Data excerpts
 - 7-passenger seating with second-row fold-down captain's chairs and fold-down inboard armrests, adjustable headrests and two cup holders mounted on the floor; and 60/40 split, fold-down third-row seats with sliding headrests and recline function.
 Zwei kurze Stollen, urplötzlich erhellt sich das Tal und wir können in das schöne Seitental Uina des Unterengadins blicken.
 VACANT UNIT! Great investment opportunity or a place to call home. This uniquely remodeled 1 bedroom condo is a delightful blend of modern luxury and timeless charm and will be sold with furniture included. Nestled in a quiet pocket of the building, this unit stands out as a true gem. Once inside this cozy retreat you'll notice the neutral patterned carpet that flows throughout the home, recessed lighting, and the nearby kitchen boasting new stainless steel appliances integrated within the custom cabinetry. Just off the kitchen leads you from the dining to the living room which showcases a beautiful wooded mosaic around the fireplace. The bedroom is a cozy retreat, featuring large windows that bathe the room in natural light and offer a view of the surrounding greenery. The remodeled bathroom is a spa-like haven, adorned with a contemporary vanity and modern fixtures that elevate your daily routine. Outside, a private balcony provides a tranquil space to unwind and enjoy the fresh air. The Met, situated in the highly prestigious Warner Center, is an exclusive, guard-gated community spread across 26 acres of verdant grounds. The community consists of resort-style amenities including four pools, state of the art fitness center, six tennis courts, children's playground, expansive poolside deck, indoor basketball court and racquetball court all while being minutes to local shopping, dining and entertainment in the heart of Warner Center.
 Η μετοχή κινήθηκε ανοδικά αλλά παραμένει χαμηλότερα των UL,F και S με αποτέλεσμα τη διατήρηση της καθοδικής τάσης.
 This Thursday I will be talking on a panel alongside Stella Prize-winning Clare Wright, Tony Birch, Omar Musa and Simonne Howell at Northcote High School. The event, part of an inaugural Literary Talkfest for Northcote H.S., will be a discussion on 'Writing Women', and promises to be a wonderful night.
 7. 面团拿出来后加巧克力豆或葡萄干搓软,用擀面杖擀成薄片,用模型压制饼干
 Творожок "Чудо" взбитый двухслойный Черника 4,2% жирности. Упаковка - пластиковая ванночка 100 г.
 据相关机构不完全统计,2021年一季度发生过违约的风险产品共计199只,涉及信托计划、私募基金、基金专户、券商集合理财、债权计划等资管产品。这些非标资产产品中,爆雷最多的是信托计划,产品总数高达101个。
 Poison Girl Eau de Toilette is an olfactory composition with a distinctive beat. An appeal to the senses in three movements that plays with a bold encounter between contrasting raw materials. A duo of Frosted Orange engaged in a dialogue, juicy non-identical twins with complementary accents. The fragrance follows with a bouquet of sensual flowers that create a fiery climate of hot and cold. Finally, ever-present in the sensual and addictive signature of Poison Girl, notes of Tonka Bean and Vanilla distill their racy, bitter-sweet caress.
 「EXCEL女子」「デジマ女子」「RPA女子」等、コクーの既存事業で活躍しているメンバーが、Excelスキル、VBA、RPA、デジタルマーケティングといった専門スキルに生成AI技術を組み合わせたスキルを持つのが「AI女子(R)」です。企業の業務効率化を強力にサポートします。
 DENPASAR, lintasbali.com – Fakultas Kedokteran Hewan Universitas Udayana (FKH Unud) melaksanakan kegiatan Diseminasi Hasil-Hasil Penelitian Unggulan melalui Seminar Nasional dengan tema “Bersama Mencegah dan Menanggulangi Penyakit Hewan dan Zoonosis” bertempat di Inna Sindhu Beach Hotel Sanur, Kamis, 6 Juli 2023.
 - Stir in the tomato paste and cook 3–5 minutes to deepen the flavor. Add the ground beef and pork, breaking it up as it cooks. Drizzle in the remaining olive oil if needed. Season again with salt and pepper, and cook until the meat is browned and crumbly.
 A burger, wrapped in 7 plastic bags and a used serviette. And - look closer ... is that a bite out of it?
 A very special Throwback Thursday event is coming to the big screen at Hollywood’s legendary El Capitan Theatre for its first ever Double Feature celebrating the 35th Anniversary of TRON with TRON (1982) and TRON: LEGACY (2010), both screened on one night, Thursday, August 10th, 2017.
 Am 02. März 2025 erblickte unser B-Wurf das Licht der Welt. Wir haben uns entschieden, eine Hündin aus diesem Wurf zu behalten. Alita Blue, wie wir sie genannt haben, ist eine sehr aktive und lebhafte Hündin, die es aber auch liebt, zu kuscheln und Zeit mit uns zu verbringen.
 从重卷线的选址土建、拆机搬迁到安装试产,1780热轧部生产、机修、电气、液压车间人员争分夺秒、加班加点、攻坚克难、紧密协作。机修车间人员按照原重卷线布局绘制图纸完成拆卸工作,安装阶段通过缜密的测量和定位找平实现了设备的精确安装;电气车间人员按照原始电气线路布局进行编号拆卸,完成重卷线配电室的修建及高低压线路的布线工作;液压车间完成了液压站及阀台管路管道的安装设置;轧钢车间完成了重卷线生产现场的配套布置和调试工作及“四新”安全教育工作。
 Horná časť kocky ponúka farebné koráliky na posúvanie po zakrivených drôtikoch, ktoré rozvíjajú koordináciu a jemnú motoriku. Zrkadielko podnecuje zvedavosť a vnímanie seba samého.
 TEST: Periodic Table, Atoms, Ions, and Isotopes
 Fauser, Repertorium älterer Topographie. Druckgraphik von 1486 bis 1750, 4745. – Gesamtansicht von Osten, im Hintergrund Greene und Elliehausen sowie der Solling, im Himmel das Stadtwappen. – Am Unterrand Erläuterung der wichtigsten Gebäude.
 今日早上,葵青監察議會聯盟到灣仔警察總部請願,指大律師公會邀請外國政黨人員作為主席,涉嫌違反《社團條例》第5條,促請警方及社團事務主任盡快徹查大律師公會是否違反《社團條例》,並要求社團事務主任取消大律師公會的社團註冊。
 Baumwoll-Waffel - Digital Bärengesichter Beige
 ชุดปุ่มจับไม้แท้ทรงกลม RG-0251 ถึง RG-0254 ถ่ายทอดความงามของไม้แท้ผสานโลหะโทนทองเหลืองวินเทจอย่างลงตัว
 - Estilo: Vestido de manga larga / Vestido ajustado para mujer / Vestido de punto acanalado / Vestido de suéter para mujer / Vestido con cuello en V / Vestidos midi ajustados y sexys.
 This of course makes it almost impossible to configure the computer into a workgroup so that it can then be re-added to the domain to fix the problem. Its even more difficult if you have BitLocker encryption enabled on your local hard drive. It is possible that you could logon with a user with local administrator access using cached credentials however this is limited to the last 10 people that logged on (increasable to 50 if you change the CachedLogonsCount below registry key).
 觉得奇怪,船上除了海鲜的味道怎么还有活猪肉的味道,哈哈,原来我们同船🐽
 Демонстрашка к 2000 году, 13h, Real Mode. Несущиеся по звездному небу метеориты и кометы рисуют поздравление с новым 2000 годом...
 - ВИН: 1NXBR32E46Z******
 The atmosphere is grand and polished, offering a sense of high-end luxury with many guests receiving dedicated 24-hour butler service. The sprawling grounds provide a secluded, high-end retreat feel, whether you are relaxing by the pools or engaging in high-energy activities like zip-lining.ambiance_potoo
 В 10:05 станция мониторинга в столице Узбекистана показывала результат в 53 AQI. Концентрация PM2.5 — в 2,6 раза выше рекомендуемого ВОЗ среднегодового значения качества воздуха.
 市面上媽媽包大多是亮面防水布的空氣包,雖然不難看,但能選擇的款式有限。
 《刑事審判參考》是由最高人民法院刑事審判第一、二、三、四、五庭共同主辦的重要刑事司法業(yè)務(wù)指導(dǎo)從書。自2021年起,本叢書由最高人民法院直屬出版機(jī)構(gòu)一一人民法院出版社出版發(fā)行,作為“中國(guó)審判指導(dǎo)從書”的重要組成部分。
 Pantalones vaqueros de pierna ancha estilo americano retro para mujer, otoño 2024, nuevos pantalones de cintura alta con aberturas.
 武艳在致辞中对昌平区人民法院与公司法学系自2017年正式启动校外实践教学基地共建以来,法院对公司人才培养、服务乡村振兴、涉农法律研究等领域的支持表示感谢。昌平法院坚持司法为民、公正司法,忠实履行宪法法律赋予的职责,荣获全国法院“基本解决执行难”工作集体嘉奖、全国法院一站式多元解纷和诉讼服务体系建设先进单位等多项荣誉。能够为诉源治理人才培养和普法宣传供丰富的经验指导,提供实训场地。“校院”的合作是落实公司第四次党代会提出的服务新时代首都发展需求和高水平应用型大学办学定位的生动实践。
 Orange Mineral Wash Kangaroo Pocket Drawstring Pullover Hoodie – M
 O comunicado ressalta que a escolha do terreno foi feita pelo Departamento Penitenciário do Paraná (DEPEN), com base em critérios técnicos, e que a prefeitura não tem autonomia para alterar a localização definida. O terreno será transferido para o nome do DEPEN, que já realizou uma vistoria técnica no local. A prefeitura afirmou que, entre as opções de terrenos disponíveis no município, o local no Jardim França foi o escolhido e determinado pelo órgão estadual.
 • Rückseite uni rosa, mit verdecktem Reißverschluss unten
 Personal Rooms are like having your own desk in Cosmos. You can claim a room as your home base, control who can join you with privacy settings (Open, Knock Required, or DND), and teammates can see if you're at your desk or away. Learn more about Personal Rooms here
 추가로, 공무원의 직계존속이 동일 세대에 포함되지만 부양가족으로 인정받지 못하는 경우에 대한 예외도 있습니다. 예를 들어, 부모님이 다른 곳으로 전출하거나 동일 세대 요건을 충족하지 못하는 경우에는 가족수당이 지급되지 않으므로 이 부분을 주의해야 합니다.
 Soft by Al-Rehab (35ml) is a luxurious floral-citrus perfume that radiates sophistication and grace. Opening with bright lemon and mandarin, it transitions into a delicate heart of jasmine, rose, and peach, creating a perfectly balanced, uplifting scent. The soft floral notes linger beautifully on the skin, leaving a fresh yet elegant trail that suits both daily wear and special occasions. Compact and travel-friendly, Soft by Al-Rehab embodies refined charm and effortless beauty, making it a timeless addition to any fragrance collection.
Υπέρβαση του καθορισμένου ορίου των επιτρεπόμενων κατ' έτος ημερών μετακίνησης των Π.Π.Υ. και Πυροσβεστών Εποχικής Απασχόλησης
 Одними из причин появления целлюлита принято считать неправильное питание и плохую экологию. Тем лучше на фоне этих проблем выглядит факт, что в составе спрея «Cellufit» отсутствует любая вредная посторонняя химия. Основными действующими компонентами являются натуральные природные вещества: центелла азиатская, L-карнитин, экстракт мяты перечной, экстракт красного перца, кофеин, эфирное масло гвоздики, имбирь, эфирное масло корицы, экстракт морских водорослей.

What to do:
Return each line above where the word "mujer" shows up.

Problem solution:
 - Estilo: Vestido de manga larga / Vestido ajustado para mujer / Vestido de punto acanalado / Vestido de suéter para mujer / Vestido con cuello en V / Vestidos midi ajustados y sexys.
 Pantalones vaqueros de pierna ancha estilo americano retro para mujer, otoño 2024, nuevos pantalones de cintura alta con aberturas.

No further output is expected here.